The outcome of subtractive hybridization can be very different depending on various experimental factors, as exemplified by the experiment of Lisitsyn et al. (14). Simulation was performed to further examine the effects of TD removal efficiency, D:T ratio, DNA concentration and salt concentration on target enrichment. Since biotinylated DNA is frequently used, the impact of unbiotinylated DNA was also investigated. The simulation was carried out using the model genome for the subtractive hybridization employing the PAAS strategy. The ssT selection strategy is not considered here, since the strategy in PAAS is inappropriate.

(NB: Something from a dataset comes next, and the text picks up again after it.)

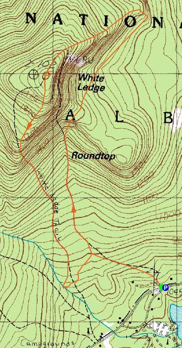 Directions to trailhead: From Chocorua Village, take Route 16 North past the White Ledge Campground. The White Ledge Trail trailhead will be on the left, opposite the northern junction of Pine Knoll Road. As of spring 2009, the trailhead sign is missing, though a 'Campground Ahead' sign is still there. There is limited room to park on the shoulder of Route 16 northbound, just beyond the trailhead.

Figure 3 shows the result of the simulation where percent TD removal efficiency was varied. The efficiencies of ssT removal and TT recovery were all assumed to be 99%. In TT selection strategy, it is shown that the target sequence enrichment is greatly affected by the efficiency of TD removal. It also shows that there is a situation where enrichment is not achieved. In the model genomic subtraction with TT selection strategy, the target sequence is not enriched but decreases as subtraction rounds proceed when the efficiency of TD removal is 94% or less. In the case of ssT+TT selection strategy, the efficiency of target sequence enrichment is not considerably affected by the low TD removal efficiency. The impact of subtraction efficiency also depends on the abundance of target sequence. Suppose that the target sequence of the model genome constitutes 0.002% of total tester (10 times more abundant compared with the model genomic system). Then the target sequence is enriched by the TT selection strategy even if the TD removal is less efficient: the target sequence is enriched to >90% after seven rounds even when TD removal efficiency is as low as 90% (data not shown). Previously, genomic sampling was shown to be a key to the success of target sequence enrichment in the experiment of Lisitsyn et al. The genomic sampling procedure in effect resulted in increase of the abundance of a particular target sequence in accordance with the reduction of complexity.
The tester DNA can be amplified after each alternate subtraction. Although this strategy has been employed in cDNA subtractions (11,22), it can also be applied to genomic subtraction. This strategy is termed as PCR amplification after consecutive subtraction (PAACS). Figure 6 shows the result of the simulation of the subtractive enrichment employing this strategy. Under standard conditions of subtractive hybridization with PCR amplification of tester DNA after every two cycles of subtraction, the target sequences are enriched to >90% after five rounds (10 subtraction cycles) when ssT+TT selection strategy is employed (Fig. 6A). This result is similar to that obtained with PAAS. The effects of TD removal efficiency, D:T ratio, DNA and salt concentrations, and unbiotinylated driver are also similar as in the case of PAAS. One major difference could be that the PAACS strategy is relatively insensitive to the D:T ratio. Similar levels of enrichment (>90%) can be obtained after five rounds at the D:T ratios ranging from 10:1 to 10 000:1 (data not shown).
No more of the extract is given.